── Available data
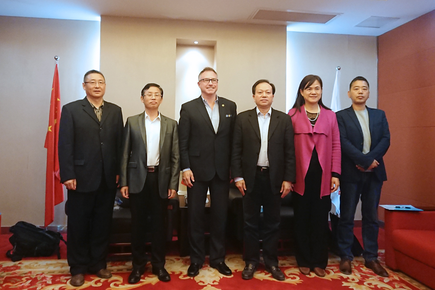 10月30日上午,美国文森斯大学校长约翰森·查尔斯先生一行三人来PA视讯参观访问。校党委副书记、副校长史国生,校党委常委、总会计师黄步龙会见了来宾。
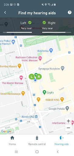 The app offers a “Find my hearing aid” search feature, links to user instructions, and low battery notification.
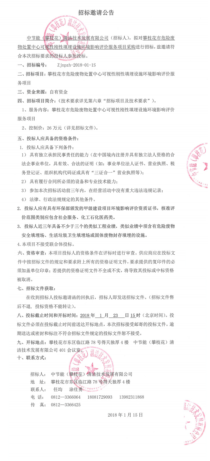 攀枝花市危險廢物處置中心可視性剛性填埋設施環境影響評價服務項目采購招標公示
────
Task statement:
Would you repeat the listing word for word and skip every picture?

Reply to the exercise:
 10月30日上午,美国文森斯大学校长约翰森·查尔斯先生一行三人来PA视讯参观访问。校党委副书记、副校长史国生,校党委常委、总会计师黄步龙会见了来宾。
 The app offers a “Find my hearing aid” search feature, links to user instructions, and low battery notification.
 攀枝花市危險廢物處置中心可視性剛性填埋設施環境影響評價服務項目采購招標公示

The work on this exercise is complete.